EXERCISE OBJECTIVE:
Your answer must be an exact copy of the listing, with the images left out.

STORED DATA:
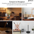 Onze tafellamp is niet alleen voor licht, maar ook een kunstwerk voor elke plek. Of het nu gaat om het creëren van een sfeervolle omgeving in je restaurant of het toevoegen van een warme gloed aan je woonkamer, deze lamp kan het allemaal. Met zijn oplaadbare en draadloze design biedt het de ultieme flexibiliteit om elke ruimte te transformeren zonder dat je lelijke kabels ziet.
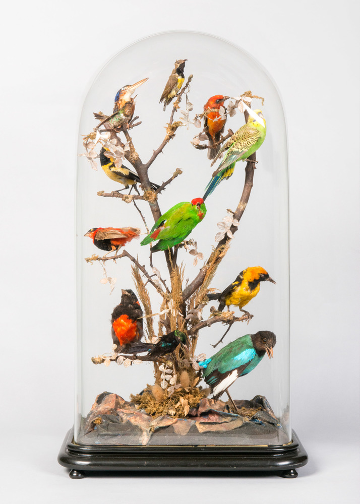 Exotische vogels onder een glazen stolp
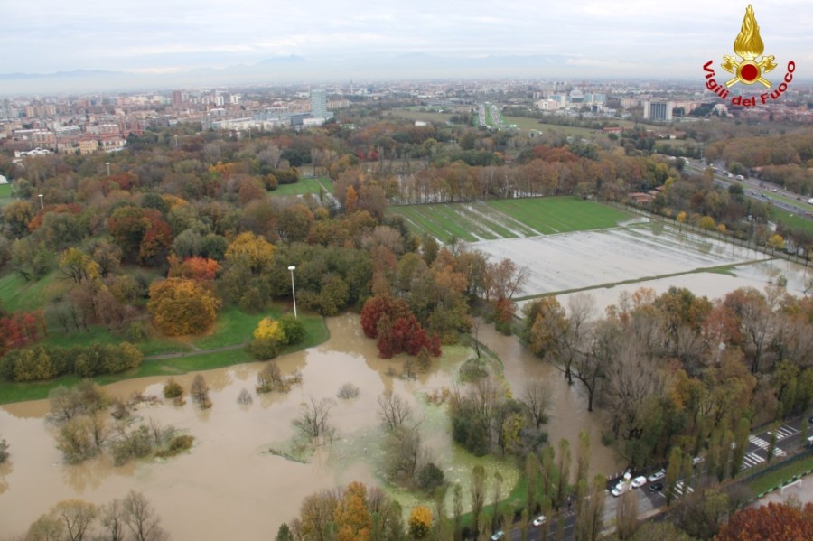 Veduta della cava inondata in primo piano, sulla destra dei campi a maggese del parco e la Cascina Molino San Gregorio, oltre la quale c’è il Centro Ambrosiano Di Solidarieta’.
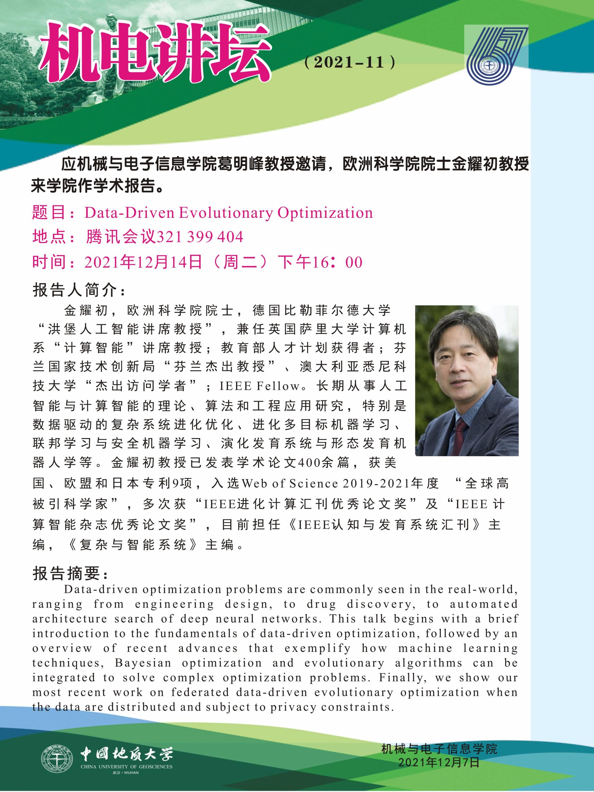 机电讲坛2021-11:欧洲科学院院士金耀初教授学术报告

WORKED SOLUTION:
 Onze tafellamp is niet alleen voor licht, maar ook een kunstwerk voor elke plek. Of het nu gaat om het creëren van een sfeervolle omgeving in je restaurant of het toevoegen van een warme gloed aan je woonkamer, deze lamp kan het allemaal. Met zijn oplaadbare en draadloze design biedt het de ultieme flexibiliteit om elke ruimte te transformeren zonder dat je lelijke kabels ziet.
 Exotische vogels onder een glazen stolp
 Veduta della cava inondata in primo piano, sulla destra dei campi a maggese del parco e la Cascina Molino San Gregorio, oltre la quale c’è il Centro Ambrosiano Di Solidarieta’.
 机电讲坛2021-11:欧洲科学院院士金耀初教授学术报告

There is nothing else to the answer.